TASK DETAILS >> Below are the records; give again exactly the lines from the one containing "Veniec na dvere" through the one containing "Maunath Bhanjan is", leaving out pictures.

ENTRIES SHOWN >>
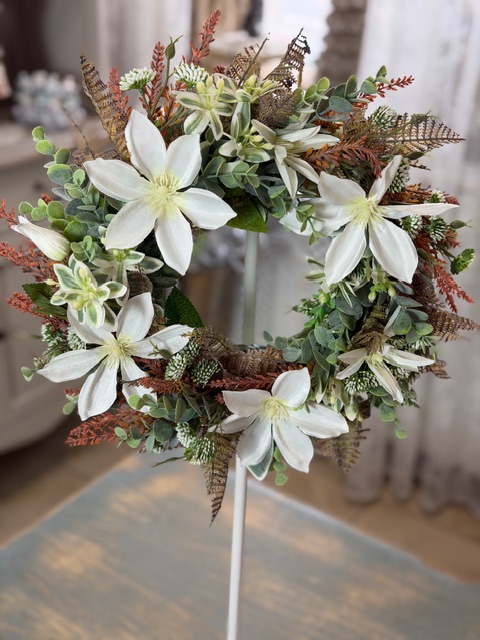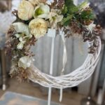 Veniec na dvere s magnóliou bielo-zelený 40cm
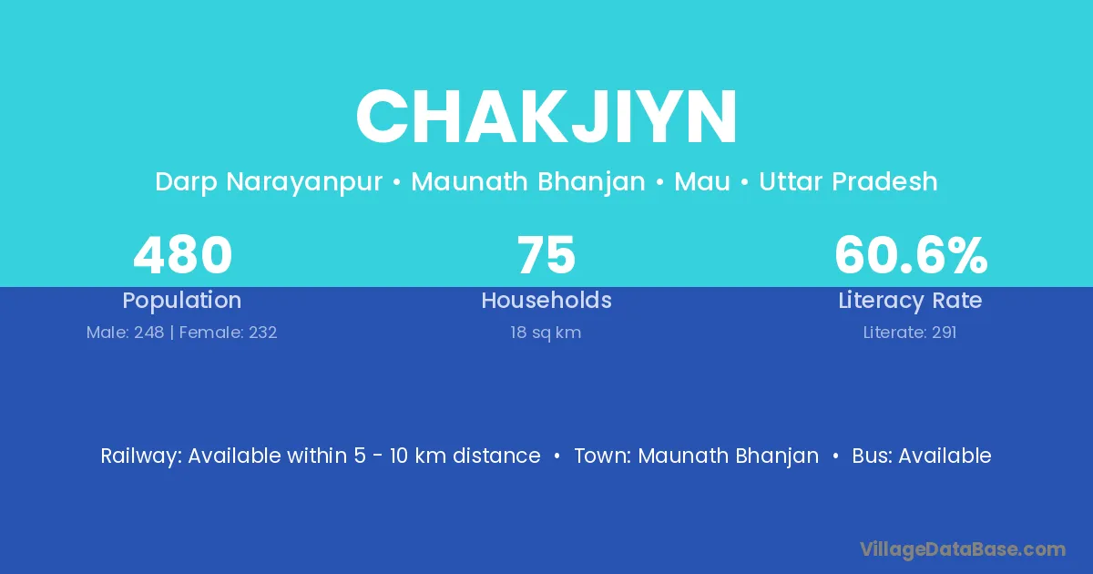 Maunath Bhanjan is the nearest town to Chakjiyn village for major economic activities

* * *

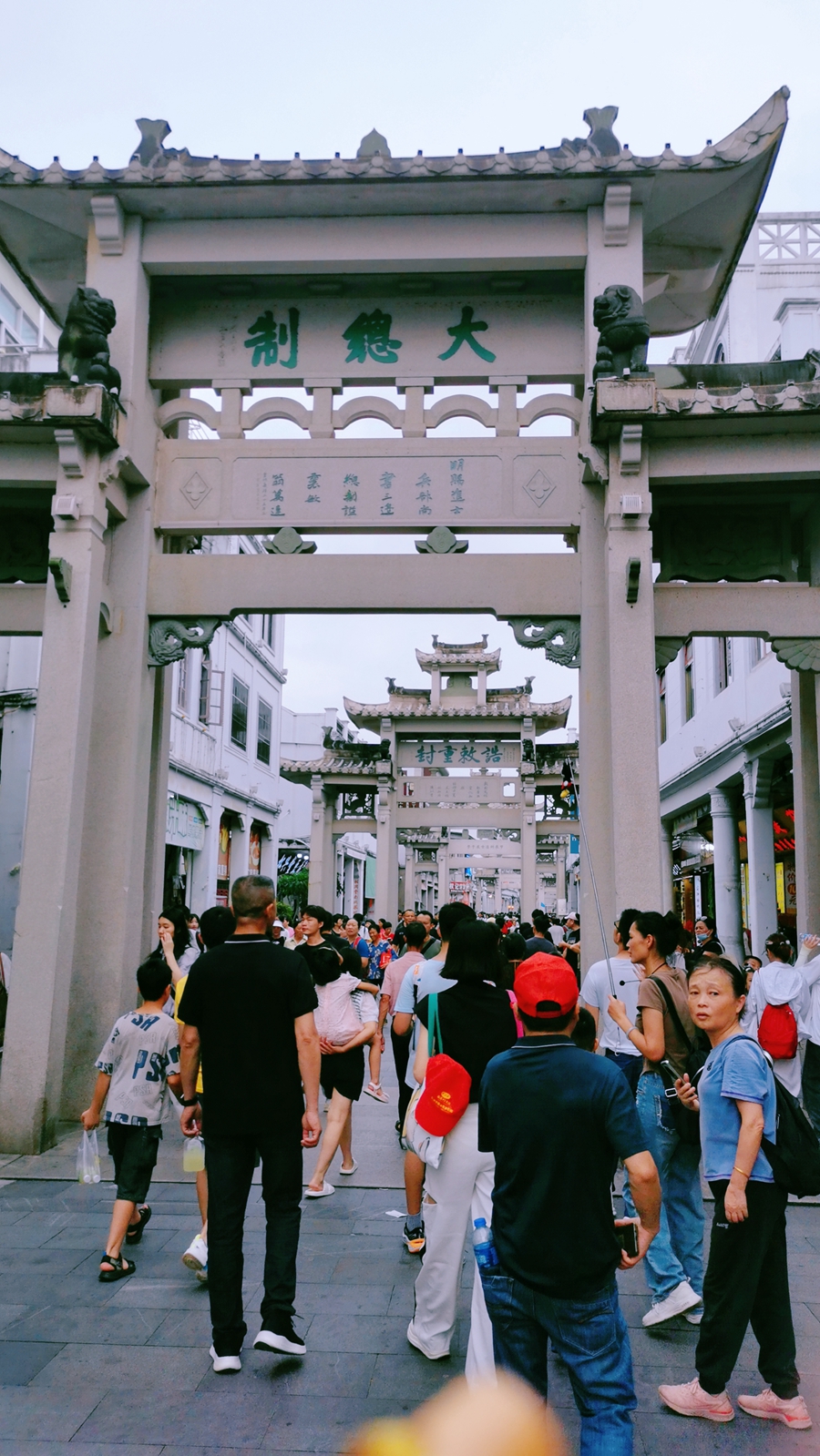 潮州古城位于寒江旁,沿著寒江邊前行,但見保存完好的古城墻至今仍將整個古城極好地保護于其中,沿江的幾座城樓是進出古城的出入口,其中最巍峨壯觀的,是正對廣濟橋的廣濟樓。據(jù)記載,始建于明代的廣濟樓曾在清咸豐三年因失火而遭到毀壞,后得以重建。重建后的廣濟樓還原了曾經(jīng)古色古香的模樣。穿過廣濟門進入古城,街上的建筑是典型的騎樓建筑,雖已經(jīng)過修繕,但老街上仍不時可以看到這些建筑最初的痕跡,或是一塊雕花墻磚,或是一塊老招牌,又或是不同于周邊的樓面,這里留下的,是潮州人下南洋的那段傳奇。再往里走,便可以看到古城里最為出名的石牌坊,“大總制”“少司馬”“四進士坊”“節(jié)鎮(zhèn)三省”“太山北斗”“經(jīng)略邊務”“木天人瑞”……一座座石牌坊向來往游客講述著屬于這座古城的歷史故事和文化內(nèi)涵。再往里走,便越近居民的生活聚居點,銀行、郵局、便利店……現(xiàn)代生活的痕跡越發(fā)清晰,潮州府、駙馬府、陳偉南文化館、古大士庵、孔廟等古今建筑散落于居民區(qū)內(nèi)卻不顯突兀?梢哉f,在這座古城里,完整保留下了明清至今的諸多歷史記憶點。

==

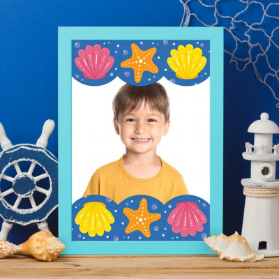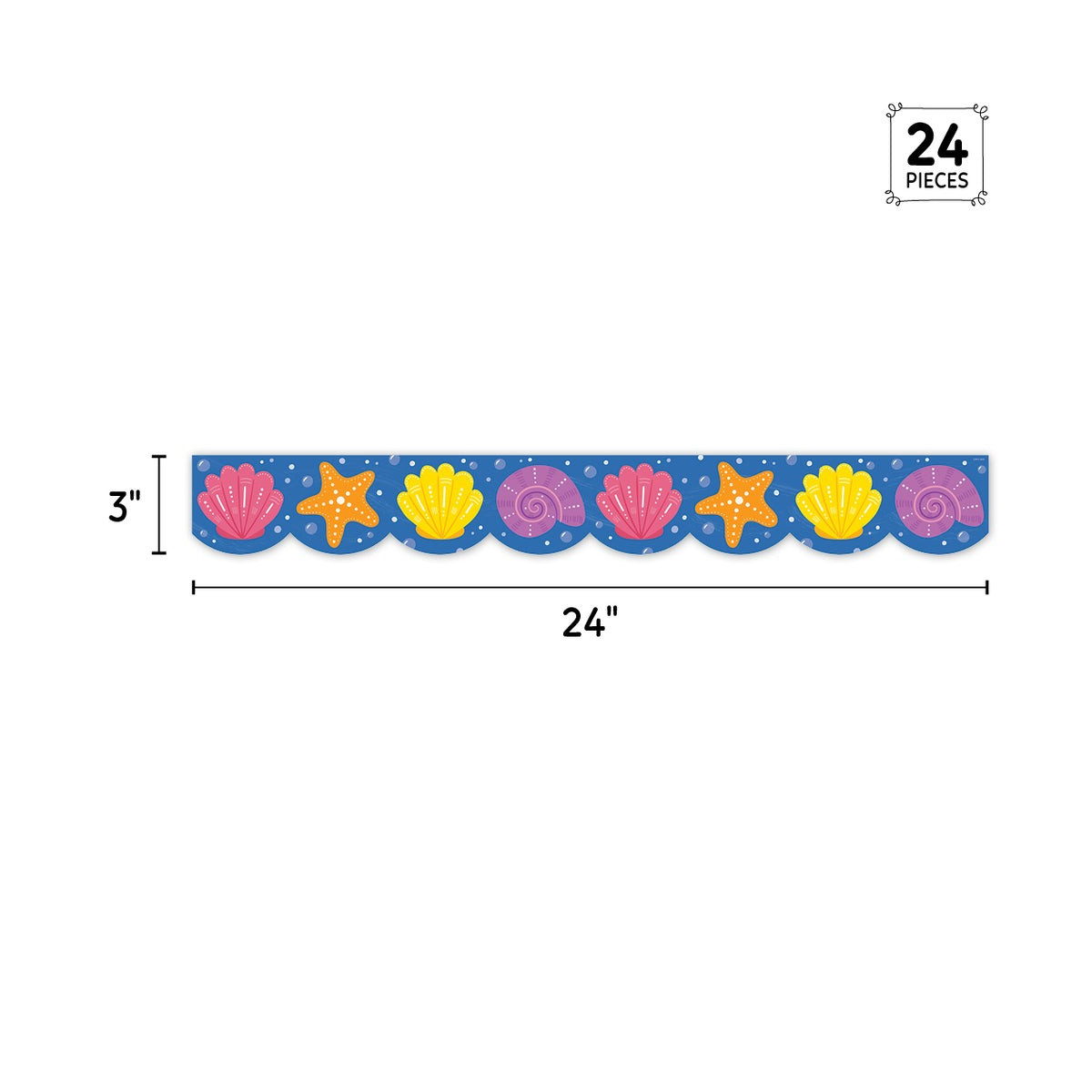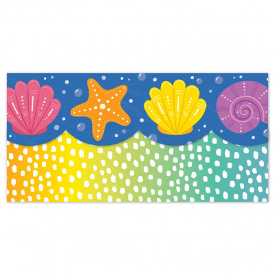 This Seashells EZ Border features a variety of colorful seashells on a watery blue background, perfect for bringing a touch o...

WRITTEN ANSWER >>
 Veniec na dvere s magnóliou bielo-zelený 40cm
 Maunath Bhanjan is the nearest town to Chakjiyn village for major economic activities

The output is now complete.